The Silent Generation betrayed

The MP for North East Somerset, the constituency in which Temple Cloud is located, grew up in an entirely different world to Norma. Jacob Rees-Mogg was born in 1969, the son of the editor of the Times newspaper. He attended Eton and Trinity College Oxford and began his career in pension fund management, setting up his own company, Somerset Capital Management. His father wrote a book which outlines a ‘dog-eat-dog eat dog future in which the welfare state has shriveled away, the rich pay little or no tax and only “sovereign individuals” are able to prosper.’

The fact that Norma and Rees-Mogg spawned in such very different environments is not an issue; the time and location of our birth is not something that any of us can choose. It is the fact that Rees Mogg seems intent on manoeuvering the UK along the path that his father predicted that raises such alarm.

Earlier this year, Tom Scott explored various issues relating to Rees-Mogg’s conduct as an MP and Leader of the House: his vote against free school meals, his attacks on UNICEF, his company’s use of overseas tax havens and its involvement in hedge funds.
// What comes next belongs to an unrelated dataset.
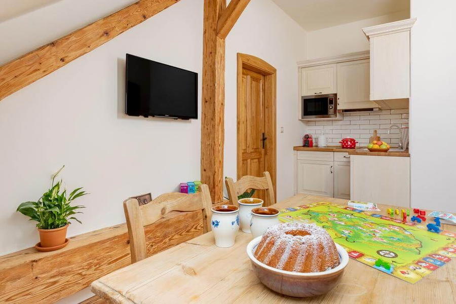 V samém srdci Šumavy v Nové Peci v Jihočeském kraji se ukrývá Statek U Medvěda, který nabízí ubytování v krásném prostředí vesnické chalupy. Pro děti tu mají množství stolních her k zapůjčení a zabaví se i venku na zahradě. Přímo za apartmány budete mít krásy šumavského národního parku a odpočinete si i vy i vaše děti.

His arrogant personal conduct is frequently a matter for national comment. Here he is caught in the act of sneering at the dutiful behaviour of those, like Norma, who were raised with very different values.

Rees-Mogg carefully crafts his appearance to suggest that he espouses the values of an older generation. He also frequently draws attention to his Christian faith.
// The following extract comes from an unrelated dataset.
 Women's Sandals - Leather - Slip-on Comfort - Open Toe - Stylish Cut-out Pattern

But all of this is spin. His behaviour and that of many of his peers in the current cabinet is not about traditional Conservatism [and certainly not about Christian values! Ed], but despotism.

I will admit that I’ve never voted Conservative. However, I did have some basic respect for previous Tory Prime Ministers who appeared to have a genuine conviction that their flawed policies would address the common good. Post-World War II examples include John Major, Margaret Thatcher and Theresa May. 

But now when I see the party of Churchill and Disraeli in action, all I see is charlatans, carpet baggers and above all, callous and narcissistic individuals, of which Rees-Mogg is a prime example. And I believe that Norma’s silent generation, who sacrificed childhood to war and later worked together to rebuild the UK would have been appalled, whatever their political allegiance.